Uno tras otro, los presentes en la cafetería se lanzaron a la discusión y ofrecieron sus comentarios. Mientras tanto, Ámbar, que había ido hasta allí para llevarle a Santiago algo de comida, temblaba mientras se aferraba a su teléfono fuera de la oficina.

—Señorita Ámbar, el señor Echegaray no está en su oficina en este momento. ¿Quiere esperar? —Gloria preguntó con cuidado, obviamente temiendo decirle a Ámbar la verdad.

Levantando la vista de su teléfono, Ámbar fingió estar tranquila y sonrió.

—No pasa nada. Me iré si no está aquí.

—Oh, bien. La acompaño.

—No es necesario. El ascensor ya está aquí.

Al ver a Ámbar entrar en el ascensor, Gloria suspiró aliviada y se dirigió a su colega para decirle:

—¿Qué hace el señor Echegaray con la señorita Chris y la señorita Ámbar al mismo tiempo?

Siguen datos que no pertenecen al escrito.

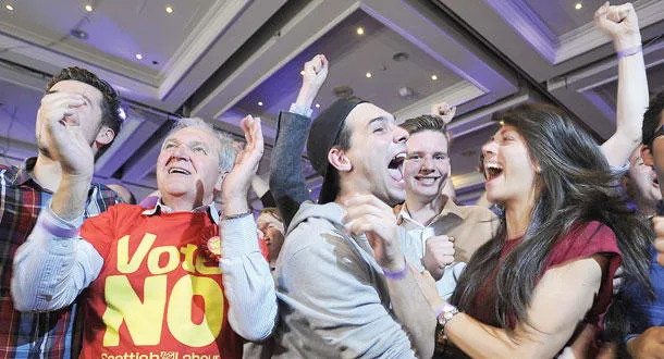 تنفست بريطانيا، ومعها أوروبا وحليفها الرئيس الولايات المتحدة الأميركية، الصعداء أمس إثر رفض الاسكوتلنديين الاستقلال عن المملكة المتحدة في الاستفتاء التاريخي الذي شاركوا فيه بكثافة أول من أمس. فأقل من نصف مليون صوت، شكلت الفارق بين الانفصاليين والوحدويين في الاستفتاء، كانت كافية لحسم النتيجة في الساعات الأولى من صباح أمس وأوقفت إمكانية تفكك المملكة المتحدة بعد أكثر من ثلاثة قرون من الوحدة.

Nos está causando un dilema.

—¿Qué dilema? ¿No te has dado cuenta de que la señorita Ámbar no viene a la oficina desde hace tiempo?

—Es cierto.

«Durante los últimos años, Ámbar solía traerle el almuerzo a Santiago cuando estaba libre y le reclamaba. Sin embargo, estos días no estuvo viniendo o no consiguió ver a Santiago aunque viniera. ¿Qué está pasando?»

En voz baja, el colega de Gloria dijo:

—No creo que sea su prometida por mucho más tiempo.

En ese momento, Ámbar tiró el contenedor a la basura al salir del ascensor. Un fuerte ruido resonó en el aparcamiento.

En cuanto subió al coche, una expresión sombría se reflejó en el espejo retrovisor. «¿Cómo puede ser ese bastardo el hijo de Santiago? ¿Perdió la memoria? ¿Cómo pudo ponerse del lado de Delfina? ¿Qué clase de trucos está haciendo la muy zorra?»

—Señorita, ¿nos vamos ya a la casa?

—No. A la residencia Echegaray.

—Sí, señorita.

A continuación, el coche blanco se alejó y desapareció poco a poco de la zona de vigilancia del aparcamiento.

En la cafetería, Samuel tenía migas por toda la boca después de devorar un plato entero de pescado y patatas fritas.

«¡Burp!» —Eructó y se frotó la barriga—. Carla, deja de darme tanta comida. No puedo más. Siento que mi estómago está a punto de reventar.

—¡Soy tu hermana mayor, así que será mejor que escuches lo que digo!

—Bueno, no pareces mucho mayor que yo.

Al oír esto, la chica se cruzó de brazos y puso una mirada seria.

—Sigo siendo tu hermana mayor a pesar de eso. Tienes que cuidar tus modales, así que deja de refunfuñar ya, ¿está bien?

—Bien, no voy a refunfuñar más. ¿Contenta?

—Bien, eso es un buen chico. Toma una albóndiga.

—En verdad no puedo comer más... —Al ver que ella seguía dándole de comer por amor, lloró mientras se palmeaba la barriga—: ¡Me estoy convirtiendo en una bola!